You might notice more tasks showing in your task inbox starting with Desktop Informant Milestone 6 (0.96.50038).  Up until M6, the rules for which tasks show in the inbox were as follows:  A task that had no Project, no Context and no Action set for it.  Starting with M6, we are making a slight modification to that definition - we now show all tasks that have no Project set (regardless of what their Context or Action is).  This was our original definition of inbox with Pocket Informant 1.0 for iOS and we are returning to this original definition.  For those curious in the thought process behind this change, please keep reading.

The definition/purpose of the inbox is intended to be what David Allen describes in “Getting Things Done”:  a quick place to collect ideas, thoughts, tasks, etc so that we can get them out of our head and immediately into a “trusted system” for you to process later.   
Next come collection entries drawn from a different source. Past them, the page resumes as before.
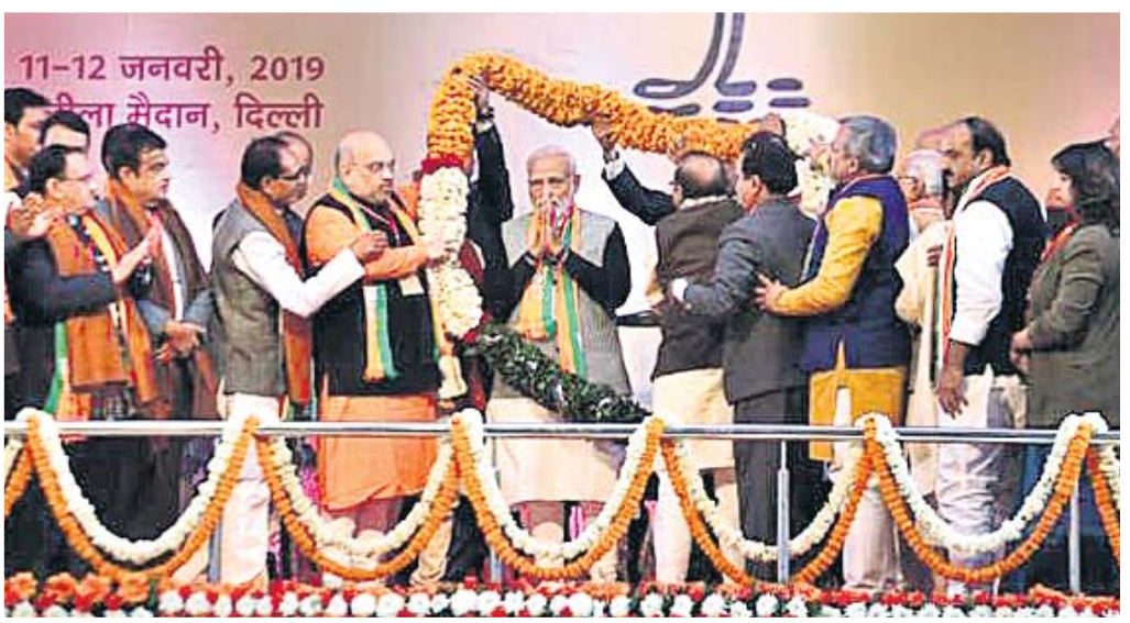
ଭାଜପା ରାଷ୍ଟ୍ରୀୟ ଅଧିବେଶନର ଉଦ୍‌ଘାଟନା ସମାରୋହରେ ଅଧ୍ୟକ୍ଷ ଅମିତ ଶାହ ଓ ପ୍ରଧାନମନ୍ତ୍ରୀ ନରେନ୍ଦ୍ର ମୋଦିଙ୍କ ସହ ଦଳୀୟ ନେତୃବୃନ୍ଦ।
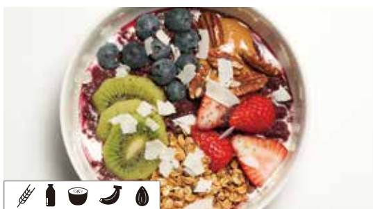
シーズナルフルーツのアサイーボウル ..... 1,705 with マヌカハニー SEASONAL FRUIT ACAI BOWL WITH MANUKA HONEY
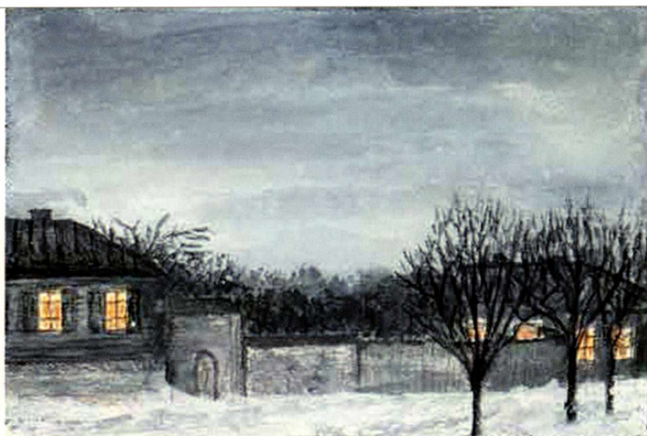
«Дневник закатов» Елены Кезельман очень любил и ценил Андрей Белый. Выставка открыта в Лебедянском краеведческом музее

и публицистические статьи, стремясь стать «понятным людям», отойдя от затемнённого, разорванного языка прежних лет.
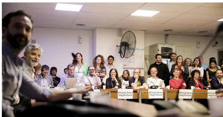
Con amplio apoyo político y de la industria, el proyecto impulsa un organismo estatal como el del cine y el teatro.

* Con información de Lorenzo Herrero / publishnews.es
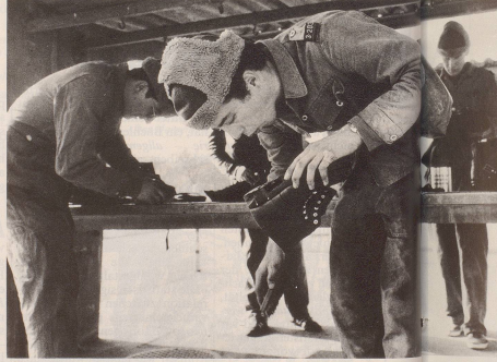
5 ... Umgang mit den Vorgesetzten ...
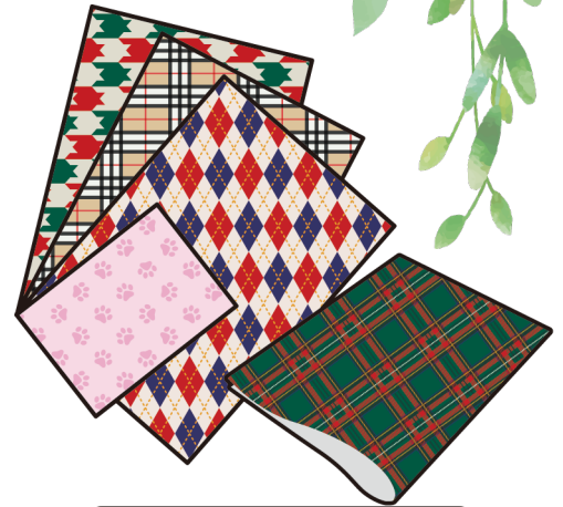
カルペーパー など
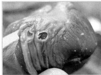
〈사진 2〉 근위 궤양

Once something gets dumped into the inbox, at some point, the inbox must be reviewed so that you can fully process each item.  The “thing” that you put into your inbox may not be a fully formed thought or even a single task - it’s just a thought that you had to get out of your head.  Ultimately, there are a few high-level categories that this “thing” might fall into:

  • It might be a single task that will take 2 minutes or less to complete…in which case, David Allen says to just do it right now and get it off your plate.  No more processing or categorization is necessary.
  • It might be a single one-off task that is not connected to a project, but it will take more than two minutes to complete.  For those types of tasks, many people use a single “Miscellaneous” project that is set to be a “single-action” project…the tasks in there are one-off tasks that are not related to each other at all.  If you previously were leaving tasks in the inbox and merely assigning a context to them - they probably fall into this category.
  • The thing you put into your inbox might actually be a full project…meaning it will take several steps to complete.  In those cases, you can use the PI feature to convert that item to a project and then start filling that project up with the individual tasks it will take to complete that project
  • The thing you put into your inbox might belong to an existing project or the first task in a new project that you need to now create.


The goal of the inbox is simply a place to collect thoughts, but then you ultimately need to get things out of the inbox so that you have a clear sense of what is a processed thought and what isn’t.  Contexts are a useful way to group together tasks that need to be done in the same time/place, but it doesn’t indicate that we’ve completely processed the task (we still don’t know if the task is a project, part of a project, a one-off task, etc).   

During the development of Pocket Informant for iOS (around version 3), we amended the behavior of the inbox to no longer show tasks that had contexts assigned to them - this allowed you to use the inbox as a de-facto single-action task project.  Internally, we still always considered the task to be "in" the inbox (as evidenced by the fact that the “project” line on the task itself still said inbox), we simply stopped showing it when you selected the inbox in the Tasks tab so that you could delineate between tasks you "sort of" processed and ones that you hadn't.  We ultimately felt like this really muddied the waters, however, and we are now returning to our original inbox behavior to more closely adhere to GTD principles.  This behavior will also be reflected on the mobile version of PI when the next update is released.

If you’ve been relying on the past behavior of a task disappearing from the inbox when you asking a context, then there are a couple ways to manage that:

  1. Create a smart filter to find tasks that are in the inbox but that have no context.  This can be your new "inbox" that you operate out of.
  2. Create a single-action “miscellaneous” project and move your one-off tasks into that project to get them out of the standard inbox.